2.1.2 The Rotterdam replication sample

The Rotterdam study, which comprises 7,983 Caucasian participants, is a prospective, population-based cohort study of the determinants and prognosis of chronic diseases in the elderly . The Rotterdam replication sample consists of all women aged ≥ 55 years (n = 1712) for which radiographs of the hip were scored for the presence of OA according to the Kellgren/Lawrence grading system (grades 0-4)⁶⁸. Severe radiographic hip osteoarthritis cases were defined by a Kellgren and Lawrence (KL) grade of 3 or more.

2.1.3. UK replication sample The cases were ascertained through the Nuffield Orthopaedic Centre in Oxford. They had undergone total joint replacement of a hip, of a knee, or of a hip and a knee for primary OA. The cases were ascertained using the criteria of signs and symptoms of OA sufficiently severe to require joint replacement surgery. All had pain with rest and night symptoms of more than 6 months duration. The radiographic stage of the disease was a KL grade of 2 or more in all cases with over 90% being grade 3 or 4. Inflammatory arthritis (rheumatoid, polyarthritic or autoimmune disease) was excluded, as was posttraumatic or post-septic arthritis. No cases suggestive of a skeletal dysplasia or developmental dysplasia were included. The average age of the cases at replacement surgery was 65 years with an age range of 56-85 years. The controls comprised individuals with no signs or symptoms of arthritis or joint disease (pain, swelling, tenderness or restriction of movement). The average age of the controls at recruitment was 69 years with an age range of 55-89 years. Due to ethical and financial constraints the hip joints of the controls were not subjected to radiographic analysis. All cases and all controls were UK individuals of white European ethnicity.
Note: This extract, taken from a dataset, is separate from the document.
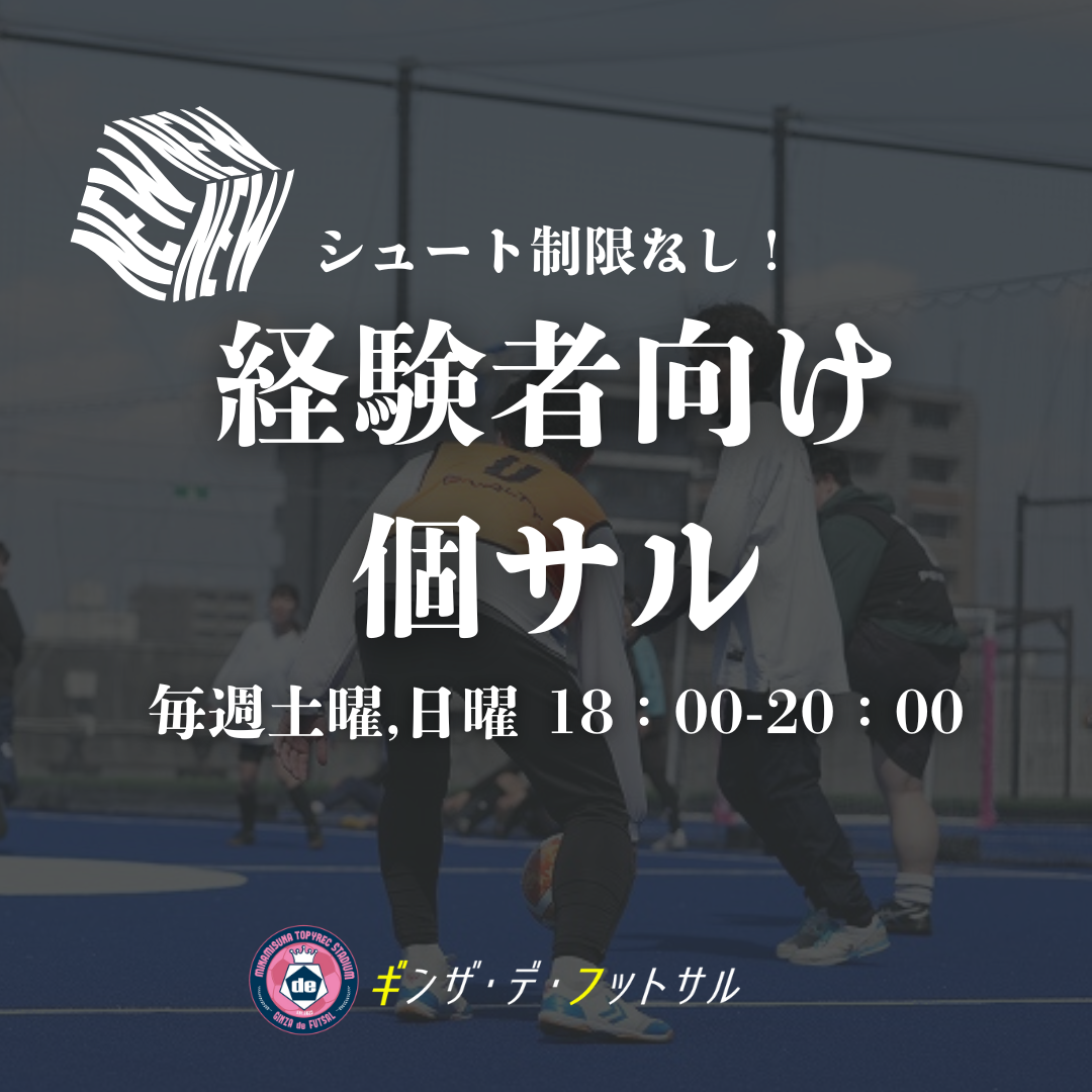 エンジョイの個サルでは物足りない方、ゲームスピードが早めがいい方、フットサル経験、サッカー経験が長いという方、しっかり運動量を確保したい方、そんな皆さんの為のプログラムとなっています。

2.1.4 Genotype measurements Short tandem repeat polymorphisms

A complete genome-wide scan containing 403 microsatellite markers with an average spacing of 10 cM was performed in 187 pairs and four trios with OA at multiple joint sites from the GARP study. Markers and 14 additional microsatellite markers for fine mapping on chromosome 6, 10, 13 and 14 were taken from Human Linkage Set v2.5 MDlO or HD5 (Applied Biosystems), respectively and measured using an ABI Prism DNA Analyzer 3700 (Applied Biosystems). Genotyping was performed using standard conditions and reagentia with some exceptions. The amount of polymerase chain reaction (PCR) primer pairs for the markers was reduced up to 5-fold and duplex PCR reactions were designed if possible to reduce costs, time expense and amount of genomic DNA used. Genotypes were analysed by using Genemapper version 2.0 and 3.0 (Applied Biosystems). As quality control, approximately 8% of the samples were genotyped in duplicate and compared. In addition, 48 additional family members from 36 different sibling pairs were genotyped to improve our ability to detect genotyping errors and estimate allele sharing. Mendelian errors were checked for Mendelian inconsistencies and unlikely recombinants using Merlin⁶⁹. These quality checks indicated that marker D6S434 and D9S158 from the Human Linkage Set v2.5 MDlO could not be genotyped reliably in our hands due to unclear one base pair differences. Subjects and markers showed an average success rate of 96% (range 77-100%) and 96% (range 83-100%), respectively. Family relationships were verified using the GRR program⁷⁰. Eight sibling pairs showed pedigree errors and were removed for further analysis. In seven of these sibling pairs, individuals reported to be full siblings were almost certainly half siblings. The remaining siblings were monozygotic twins.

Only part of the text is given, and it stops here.